Festa celebrata dal 10 al 12 dicembre in memoria della inclusione dei sette colli nella cinta muraria.
Festa celebrata il 25 aprile in onore della divinità greco-egiziana Serapis, assimilata a Ra-Helios nel culto egiziano e a Iuppiter nel culto romano. L'imperatore Caracalla aveva costruito un tempio dedicato a Serapis nella Regio VI, probabilmente dalle parti di piazza Colonna.
Festa celebrata il 13 luglio in onore di Apollo. Si ricordava la dedicatio del tempio di Apollo.
Templum Apollinis in Campo Martio
Festa celebrata il 23 settembre in onore di Apollo. Si ricordava la dedicatio del tempio di Apollo in Campus Martius avvenuta nel 431 a.C. da parte del console Cneus Iulius. La costruzione del tempio era stata decisa nel 433 a.C. a seguito di una epidemia che aveva colpito la città. Era anche chiamato Apollo Medicus. Era il più antico tempio di Apollo in Roma.

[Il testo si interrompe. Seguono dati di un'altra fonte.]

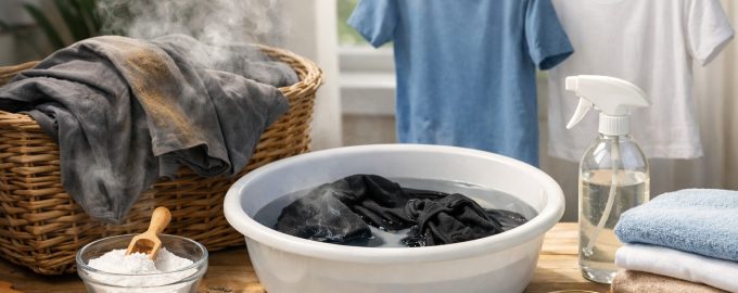 Jedlá sóda – je vynikajúcim absorbentom. Vložte oblečenie do vzduchotesného vrecka a nasypte doň šálku jedlej sódy. Dôkladne pretrepte a nechajte pôsobiť cez noc. Ráno stačí prášok vytriasť a oblečenie vyprať.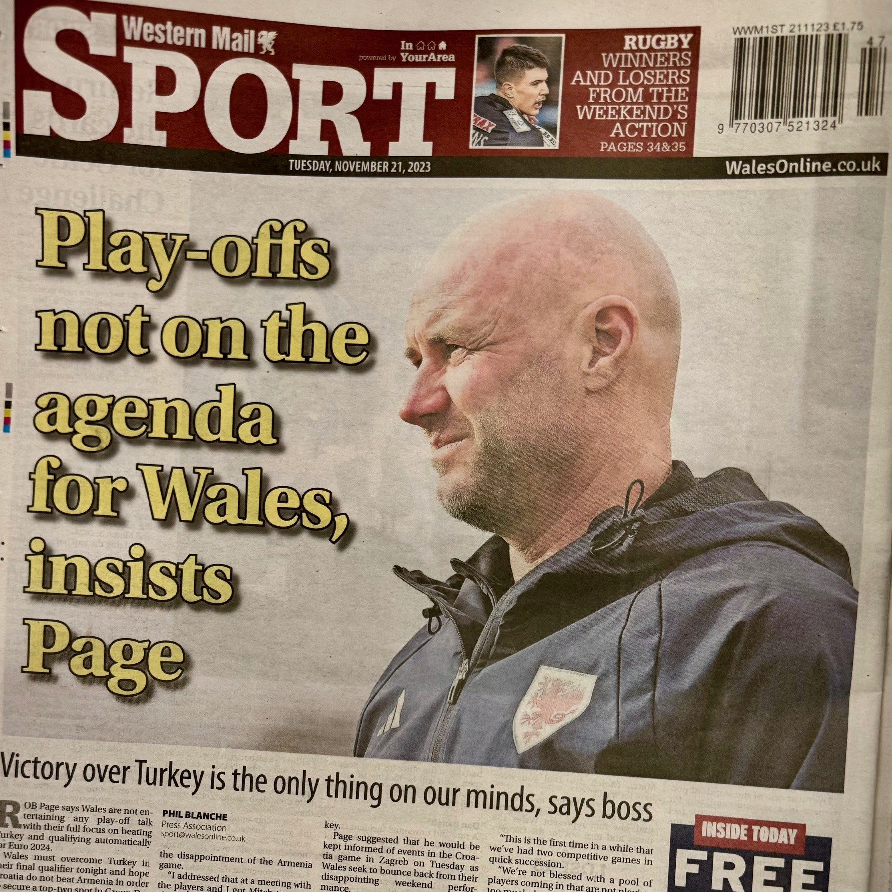 A familiar theme across the back pages in Wales this morning as manager Rob Page makes his point clear ahead of tonight’s EURO 2024 qualifier against Türkiye.

Festa celebrata il 9 ottobre in onore di Apollo. Si ricordava la dedicatio del tempio di Apollo sul Palatinus avvenuta nel 28 a.C. La costruzione del tempio era stata promessa dall'imperatore Augustus nel 36 a.C. durante la campagna contro Sextus Pompeius.
Templum Bellonae ad Circum Flaminium
Festa celebrata il 3 giugno in onore di Bellona, dea della guerra. Si ricordava la dedicatio del tempio fatto costruire nel 296 a.C. presso il Circus Flaminius, in Campus Martius, da Appius Claudius Caecus.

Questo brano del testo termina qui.